I do not totally understand your question, but for simple shapes a simple algorithm is ..
- just take the "center" of the object (the CG is fine) and make a vector from there to your vertex or triangle. That direction is "outside". If you're pointing over 90° away from that, you're pointing in to the guts of the object
the next more complicated approach ...
move along your normal say "one meter". call that point "test point". you should now be "outside" your building, correct?
now you just need to check if testPoint is inside or outside your 3D shape.
in short, to determine if you are inside or outside a 3D object, you just cast a ray and count how many times you intersect with the walls. if odd, you're inside, if even you're outside.
You can google hundreds of discussions on this on the www, example https://stackoverflow.com/a/63572837/294884
Note that there are many, many variations on this, and many problems too. In some cases you start from "just inside" your normal (ie go backwards a little); sometimes it's better to start from the middle of the object (if such a thing is knowable); sometimes there are issues about how the ray casting system works in edge cases (like "right on" the surface, which is what your vertex is)
the first solution seems to me to be the right one
It may be. Sometimes it is useless. It depends on the nature of your shapes.
I wanted to avoid having to do raycast ..
Can assure you - you will have to constantly raycast during any construction process! If you wish to "avoid" casting, set the idea aside. You will be casting until you are sick of it :)
I wanted to avoid having to do raycast to limit the generation time
The good news is this is totally incorrect. Casting is extremely trivial and a very minor burden compared to everything going on in a 3D scene. When you play any 3D scene, casts are being made 100s and 1000s of times each frame.

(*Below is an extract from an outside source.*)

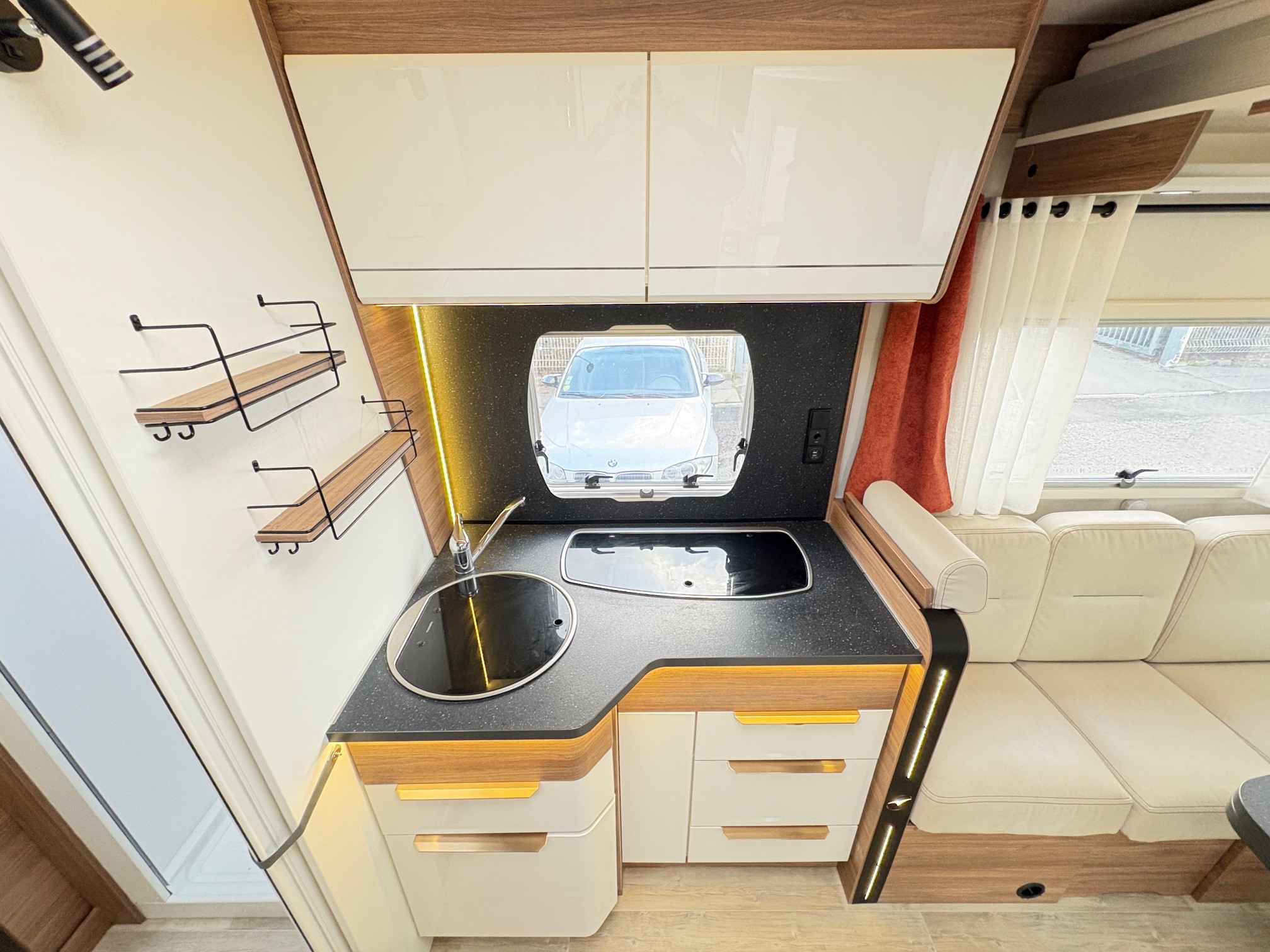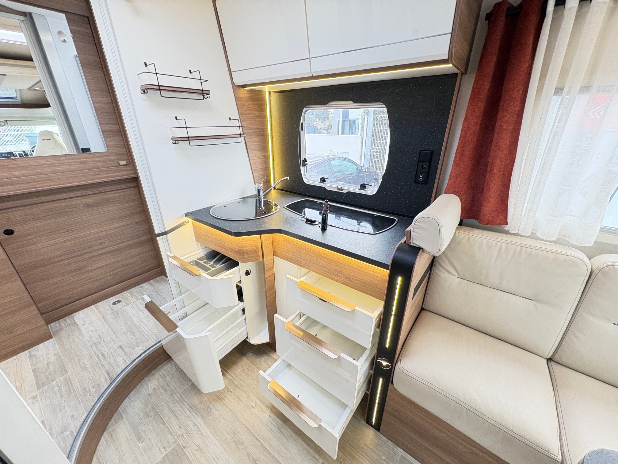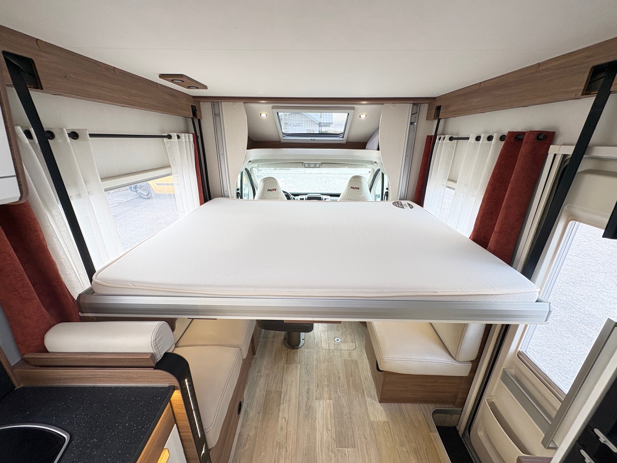 Ce profilé de moins de 7 mètres fait partie des modèles les plus spacieux de la marque. L’absence de lit fixe lui offre un agencement original et donne place à un salon XXL, de quoi partager de bons moments en famille ! Venez découvrir ce véhicule sur place !

but if I have two buildings that are close to each other, the ray will find the wall but from the second building so I couldn't determine the normal is "inside" or "outside", right?

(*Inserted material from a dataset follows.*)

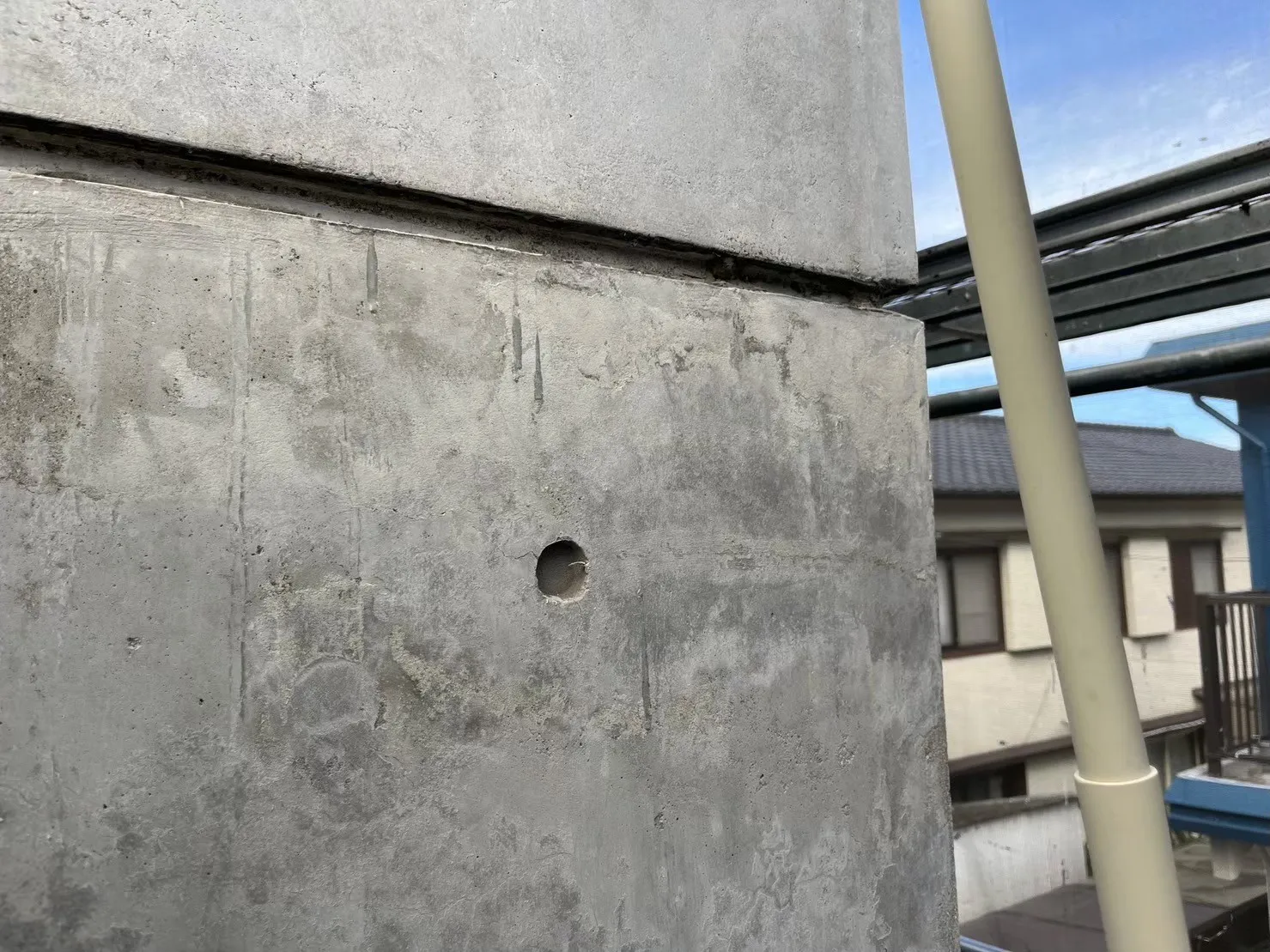 コンクリート打放し面の傷み具合がかなりひどいです。

TBC in the simple system I described. You would certainly ONLY cast against that same building that you are working on! So that's the way to go.

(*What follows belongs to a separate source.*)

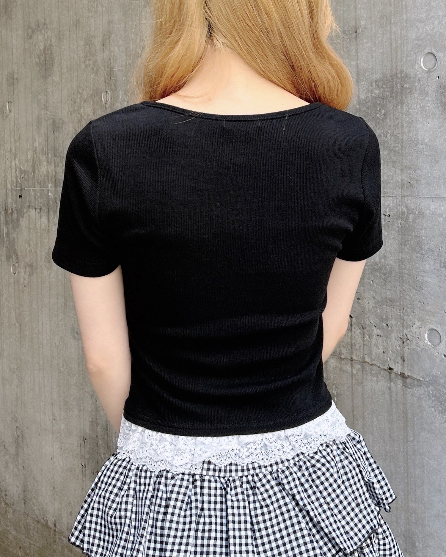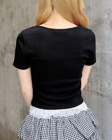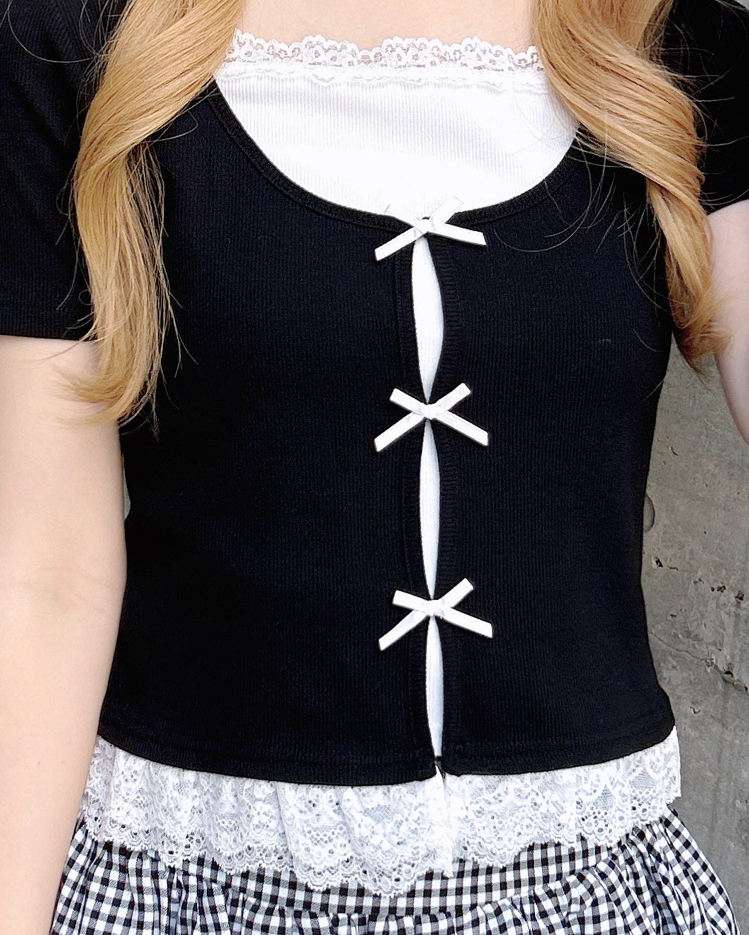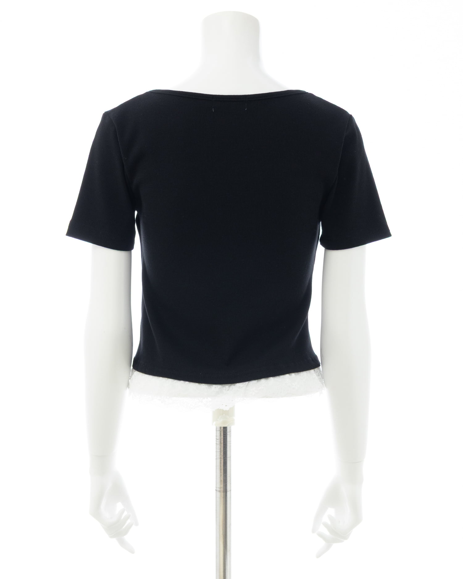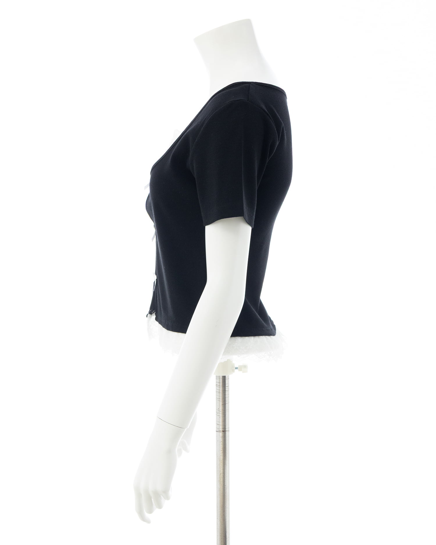 • INGNI(イング) レイヤード前リボンリブトップス クロ

But indeed, unrelated to what you're asking about. Say you're in a "city". You can indeed cast through "all walls" and the parity (ie: odd or even) will let you know if you are indoors or out. This has problems though, relating to edges, corners etc. But in some case it is relevant to that problem.
As mentioned on this answer https://stackoverflow.com/a/63593282/294884 ultimately you can investigate convex hulls and more. It's a big topic!
Note that often when you build dynamic buildings/shapes, you havce a data structure of each "wall" and indeed it knows which side is in and which side out. When you do that first, it's then easy to draw the triangles the correct way. It's a big topic!